450 cases, 11 dead worldwide in growing mystery of childhood hepatitis


Enlarge / Adenoviruses remain the main suspect, although no cause has been identified.

The global tally of unexplained hepatitis cases in children has reached around 450, including 11 reported deaths, according to an update from the European Center for Disease Prevention and Control.

The cases come from more than two dozen countries around the world, with around 14 countries reporting more than five cases. The countries with the highest number of cases so far are the UK and the US.

In the UK, authorities have identified 163 cases in children under 16, 11 of whom required liver transplants. Last week, the US Centers for Disease Control reported 109 cases under investigation in children under 10 in 25 states. Of these cases, 14% required a liver transplant and five children died.

Fourteen countries in the European Union have reported about 106 cases collectively, with Italy (35) and Spain (22) reporting the highest counts of EU member countries. Outside the EU, officials have reported cases in Argentina (8), Brazil (16), Canada (7), Costa Rica (2), Indonesia (15), Israel (12), in Japan (7), Panama (1), Palestine (1), Serbia (1), Singapore (1) and South Korea (1).

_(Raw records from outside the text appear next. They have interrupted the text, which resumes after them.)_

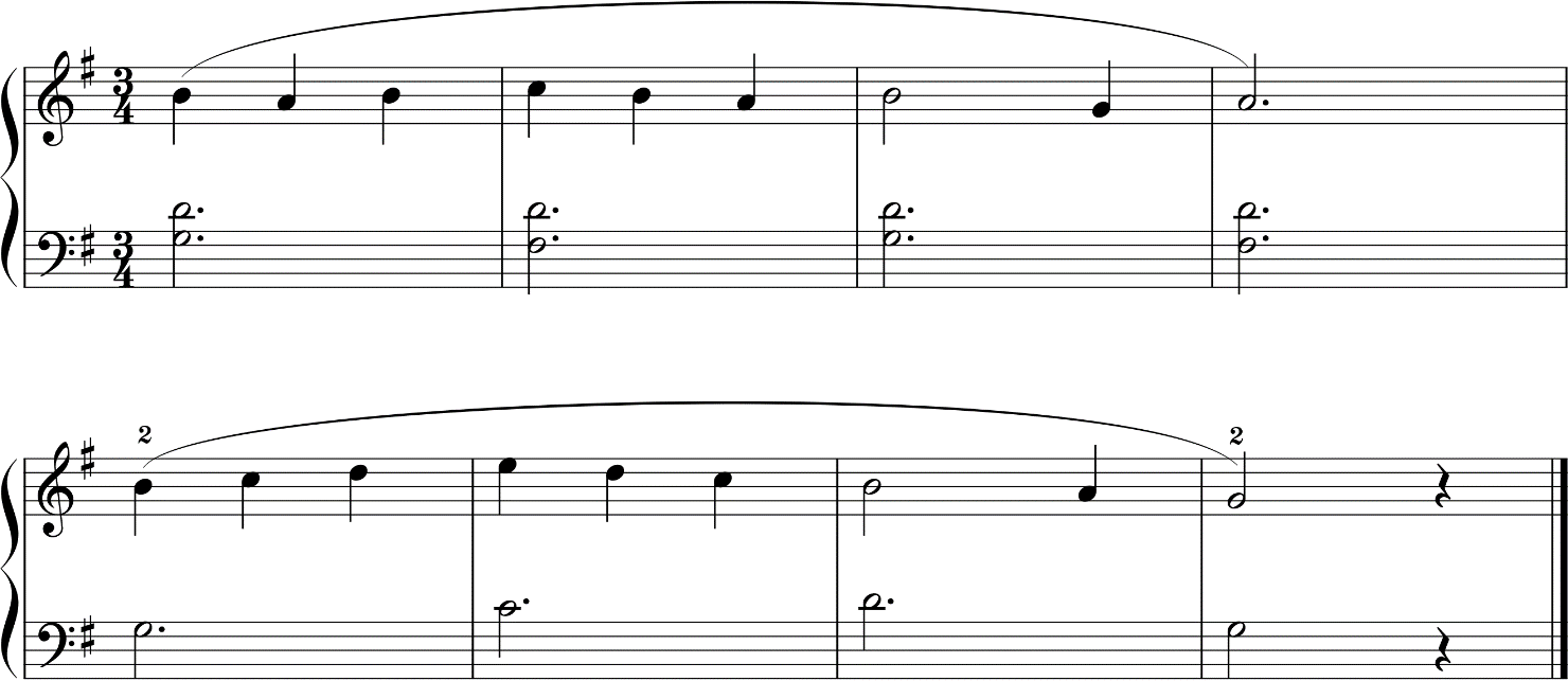 - For the blank parts of the score, candidates are expected to play their own arrangement based on the pattern presented at the beginning.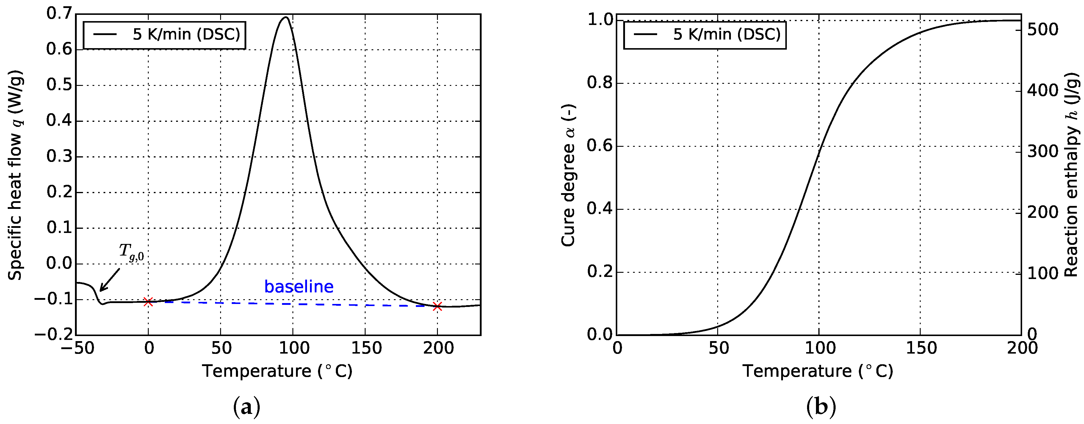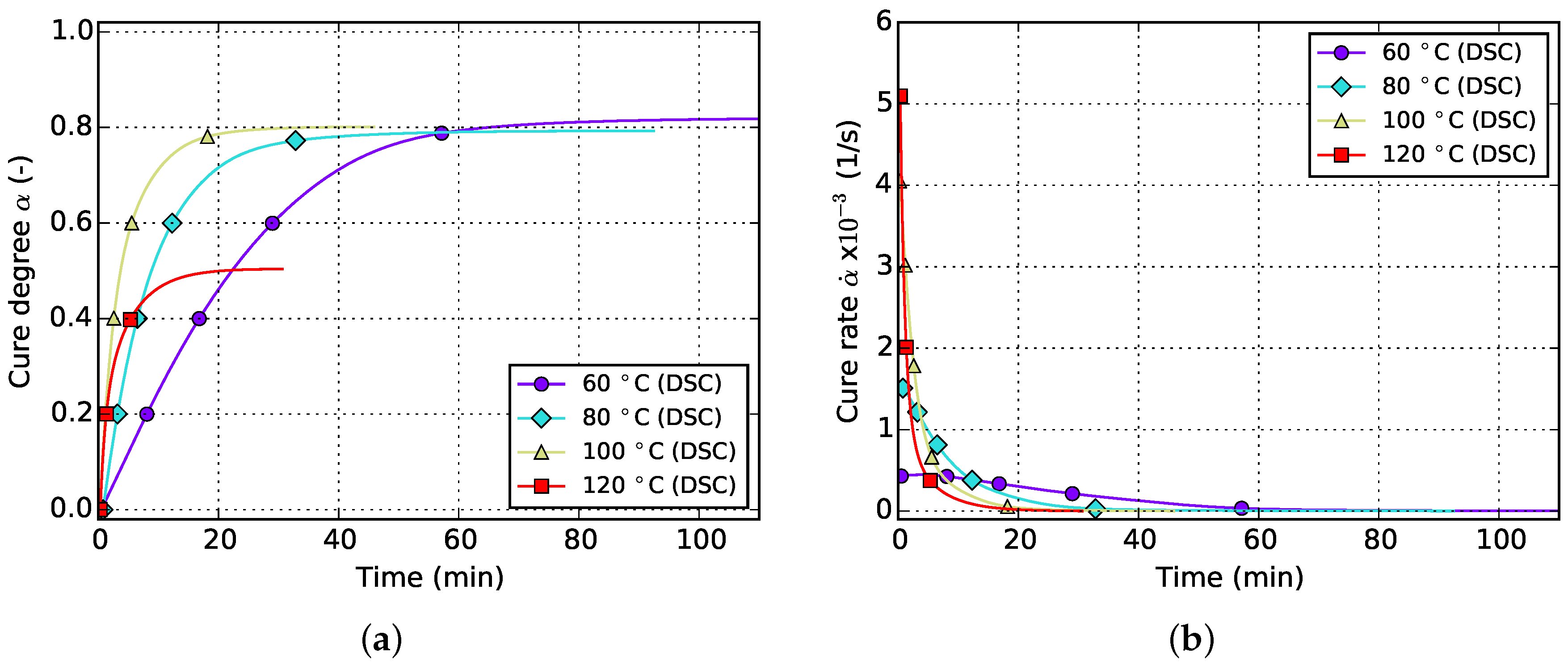 Figure 14a). The match with cyclic DSC data is therefore good but even though the reaction is slowed down, it will reach full cure for longer periods of time. Moreover, vitrification occurs for distinct isothermal temperatures at different cure levels which the Kamal-Malkin kinetic model is not able to account for. This results in a too early slow down of the reaction in case of the lowest as well as a too late slow down for the highest isothermal temperature. Hence, the glass transition temperature which is directly related to the cure degree is underestimated, or in the latter case, overrated. This can have a significant impact when using such predictions for process simulation since many material properties depend on the glass transition temperature and whether the material is in glassy or rubbery state.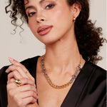 18K gold-plated collar necklace designed with paperclip, oval, and curb chain links.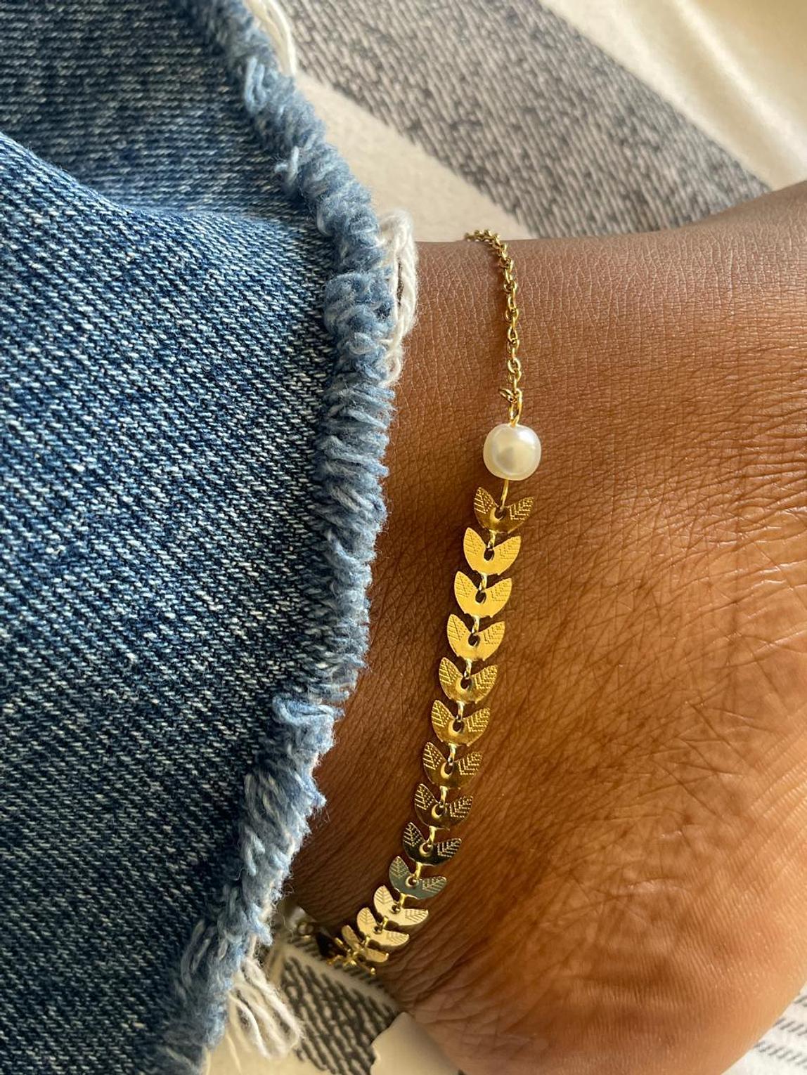 This elegant piece combines a flowing gold-plated leaf chain with a single, lustrous pearl for sophisticated contrast. It's a timeless accessory that perfectly blends natural beauty with refined polish.
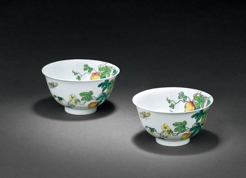 清乾隆 粉彩过枝癞瓜图碗一对 11.1cm.(2) Diam

The 11 deaths were reported in Indonesia (5), Palestine (1) and the United States (5).

The cause of severe hepatitis – inflammation of the liver – remains a mystery, despite the growing count. Some of the cases were identified retrospectively, dating back to October 1, 2021.

Health officials around the world are tracking cases of acute hepatitis in children that cannot be explained by common culprits, such as hepatitis A, B, C, D, and E viruses, which are known to damage the liver. Those with cases also have elevated levels of liver enzymes.

“Right now, the main hypotheses remain those involving the adenovirus,” Philippa Easterbrook, a senior scientist at the World Health Organization, said in a press briefing on Tuesday. “But,” she added, “I think [there’s] also always an important consideration on the role of COVID, either as a co-infection or as a past infection.

Easterbrook noted that about 70% of cases that have been tested for adenovirus have tested positive, and subtype testing continues to commonly reveal adenovirus type 41.

Data coming soon

Adenoviruses are not known to cause hepatitis in healthy children, although the large family of viruses have previously been linked to liver damage in children with weakened immune systems. Adenoviruses often cause common respiratory infections in healthy children, while type 41 is linked to gastrointestinal illnesses.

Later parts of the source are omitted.